The violating people, that is, those who take part in the government, and those who make use of the violence, that is, the rich, no longer represent, as formerly, the flower of society and the ideal of human well-being and grandeur, toward which all the violated used to strive. Now very frequently it is not so much the violated who strive after the position of the violators and try to imitate them, as the violators, who frequently of their own free will renounce the advantages of their position, choose the condition of the violated, and try in simplicity of life to emulate the violated.
To say nothing of the now openly despised occupations and offices, such as those of spies, agents of secret police, usurers, saloon-keepers, a large number of occupations of violators, which formerly used to be considered respectable, such as those of policemen, courtiers, members of courts, the administration, the clergy, the military, monopolists, bankers, not only are not considered by all to be desirable, but are even condemned by a certain most respectable circle of men. There are now men who voluntarily renounce these positions, which heretofore were considered to be above reproach, and who prefer less advantageous positions, which are not connected with violence.
It is not only men of the state, but also rich men, who, not from a religious feeling, as used to be the case, but only from a peculiar sensitiveness for the germinating public opinion, refuse to receive their inherited fortunes, considering it just to use only so much as they earn by their own labour.
The conditions of the participant in the government and of the rich man no longer present themselves, as they presented themselves formerly and even now present themselves among the non-Christian nations, as unquestionably honourable and worthy of respect and as divine blessings. Very sensitive, moral men (they are for the most part the most highly cultured) avoid these conditions and prefer more modest ones, which are independent of violence.
The best young men, at an age when they are not yet corrupted by life and when they choose a career, prefer the activities of physicians, technologists, teachers, artists, writers, even simply of agriculturists, who live by their own labour, to positions in courts, in the administration, in the church, and in the army, which are paid by the government, or the positions of men who live on their own incomes.
The majority of monuments which are now erected are no longer in commemoration of men of state, of generals, and less certainly not of the rich, but of the learned, of artists, of inventors, of men who have not only had nothing in common with the governments, or with the authorities, but who frequently have struggled against them. It is not so much men of state and rich men, as learned men and artists, who are extolled in poetry, represented in plastic art, and honoured with festive jubilees.
The best men of our time tend toward these most honoured positions, and so the circle from which the men of state and the rich come is growing smaller and smaller, so that in intellect, culture, and especially in moral qualities, the men who now stand at the head of governments, and the rich no longer represent, as in olden times, the flower of society, but, on the contrary, stand below the average.
As in Russia and in Turkey, so in America and in France, no matter how much the governments may change their officials, the majority of them are selfish and venal men, who stand on so low a level of morality that they do not satisfy even those low demands of simple integrity which the governments make upon them.
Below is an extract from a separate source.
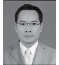
ฝ่ายการศึกษา
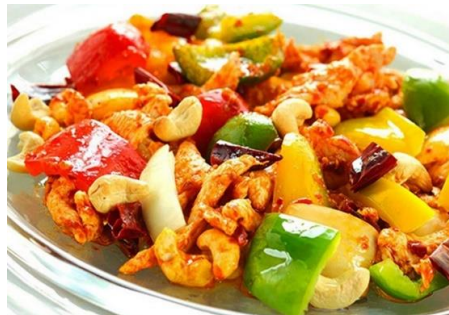
鶏肉とカシュナツの甘辛炒め

We now frequently get to hear the naïve regrets of men of state, because the best men by some strange accident, as they think, are always in the hostile camp. It is as though men should complain that by a strange accident it is always men with little refinement, who are not particularly good, that become hangmen.
The majority of rich men, similarly, in our time are no longer composed of the most refined and cultured men of society, as used to be the case, but of coarse accumulators of wealth, who are interested only in their enrichment, for the most part by dishonest means, or of degenerating descendants of these accumulators, who not only do not play any prominent part in society, but in the majority of cases are subject to universal contempt.